I chose Version 1 but added the longer sleeves from Version 2. I sew with a lot of prints, and the line drawings and examples for the launch made me think about stripes to start with. You can definitely go all out with prints, color blocking and piping for this one, but I also wanted to see what it looks like in a solid color without any flair to it. It has a classic look to it, and I like that.
My fabric is a red wool crepe. It's not great to be standing outside in Kansas humidity in a lined wool crepe dress! If you look closely at the pictures you can see that I'm actually starting to melt. My measurements are 34-28-38. Based on the sizing chart I initially chose a 2 in the bust graded to a 6 in the waist and hips. The waist and hips were too big so I went with a straight 2 and it fits well. The bust was too roomy above the darts. I pinned out what I didn't want, measured it (it was a 1/2 inch for me), made a straight line cut on the flat pattern, overlapped one side of the cut over the other 1/2 inch, and taped it.. I'm not sure if that's a legitimate way to adjust a pattern, but it worked for me.

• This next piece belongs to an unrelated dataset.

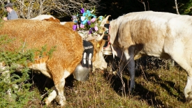 Des hommes, bâton à la main et chemises à carreaux courent pour tenter de les rassembler. Evidemment, c’est la désalpe ! Une dame vient vers nous, alors que nous sommes en train de nous chausser. Elle nous dit que les vaches laitières sont déjà descendues mais que là, ce sont les génisses. Et que comme chaque année elles descendent le dernier weekend d’octobre.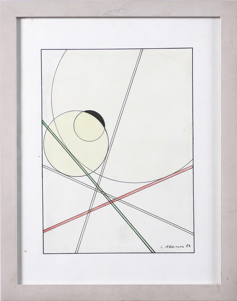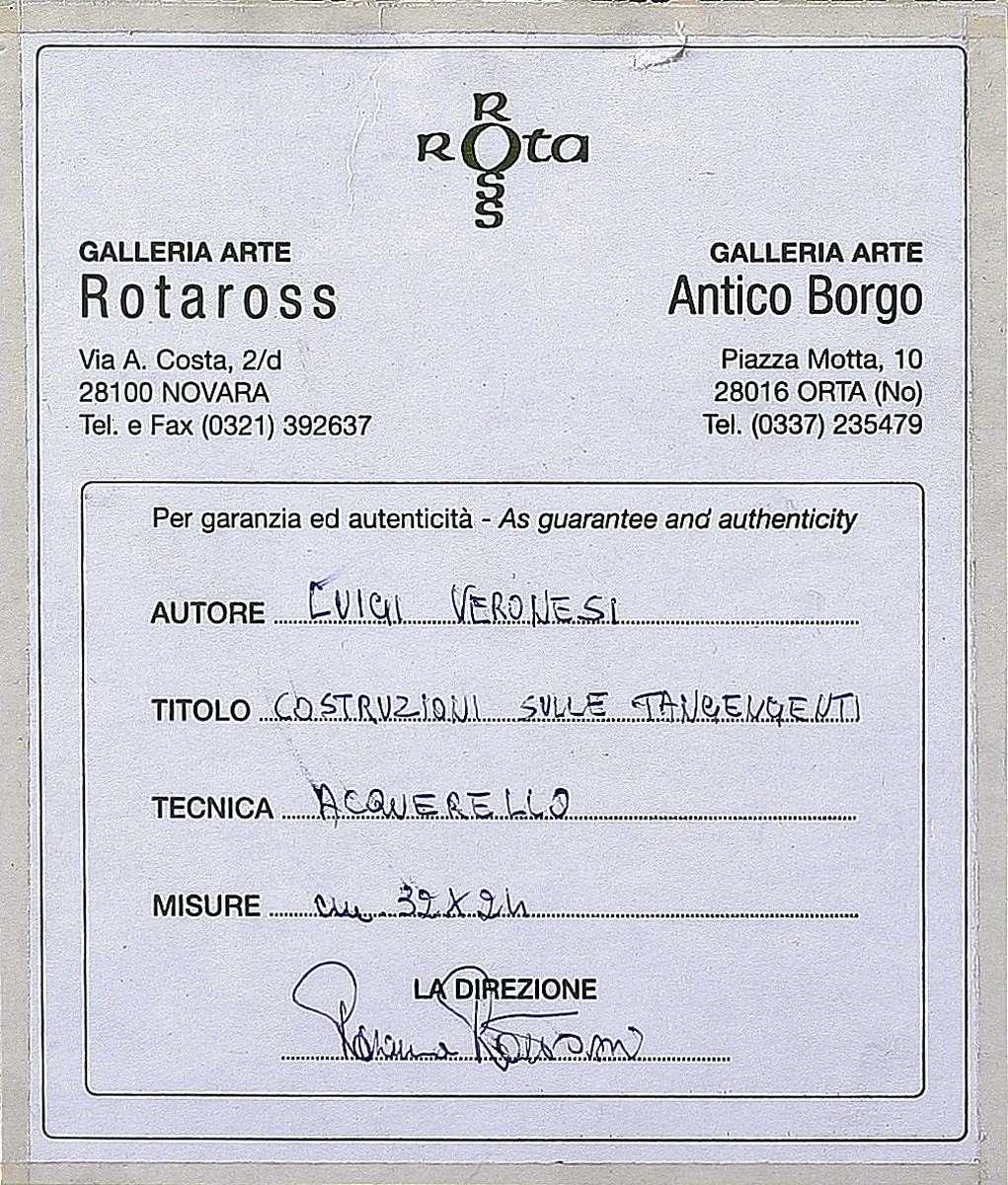 VERONESI LUIGI (1908 - 1998) Senza titolo. 1987. Acquarello su carta su tela. Cm 18,00 x 24,50. Firma e data in basso a destra. Leggere macchie di umidità. Al retro cartiglio della Galleria D'Arte Rotaross, Orta (NO), per autenticità e provenienza. Autentica su fotografia a cura della Galleria d'arte Rotaross con firma e data dell'artista. . Cornice presente

As usual, the directions are very clear and there are always online tutorials for the tricky stuff. I appreciate the lining a lot on this dress. I rarely do a lining unless the pattern calls for it. If my main fabric is too thin I just underline it (maybe because I'm lazy?), but I do like the look of a lining. I will be able to come back to these lining instructions for other projects.

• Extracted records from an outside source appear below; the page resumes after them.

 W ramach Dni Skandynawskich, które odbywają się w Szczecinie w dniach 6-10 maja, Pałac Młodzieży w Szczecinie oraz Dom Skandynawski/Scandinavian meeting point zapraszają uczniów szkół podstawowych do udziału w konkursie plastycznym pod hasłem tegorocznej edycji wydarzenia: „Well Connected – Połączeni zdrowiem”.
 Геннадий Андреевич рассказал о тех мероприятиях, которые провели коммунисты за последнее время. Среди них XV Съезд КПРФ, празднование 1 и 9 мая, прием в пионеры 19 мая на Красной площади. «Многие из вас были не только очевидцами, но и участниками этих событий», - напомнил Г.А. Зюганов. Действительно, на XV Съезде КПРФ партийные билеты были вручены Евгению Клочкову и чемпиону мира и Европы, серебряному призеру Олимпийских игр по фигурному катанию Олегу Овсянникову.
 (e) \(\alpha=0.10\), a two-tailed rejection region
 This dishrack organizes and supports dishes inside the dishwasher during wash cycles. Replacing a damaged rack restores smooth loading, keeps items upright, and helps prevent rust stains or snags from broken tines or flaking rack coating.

My lining is Cotton+Steel rayon. It's a happy burst of color!
This dress is very versatile for warmer and also colder months. My next version will most likely be in a floral print with piping, and I'm also wondering what it would look like if the bust piece was color blocked instead of the bottom bodice pieces. So many ideas...so little time.
I received a copy of this pattern prior to it's release, but all opinions in this blog post are my own.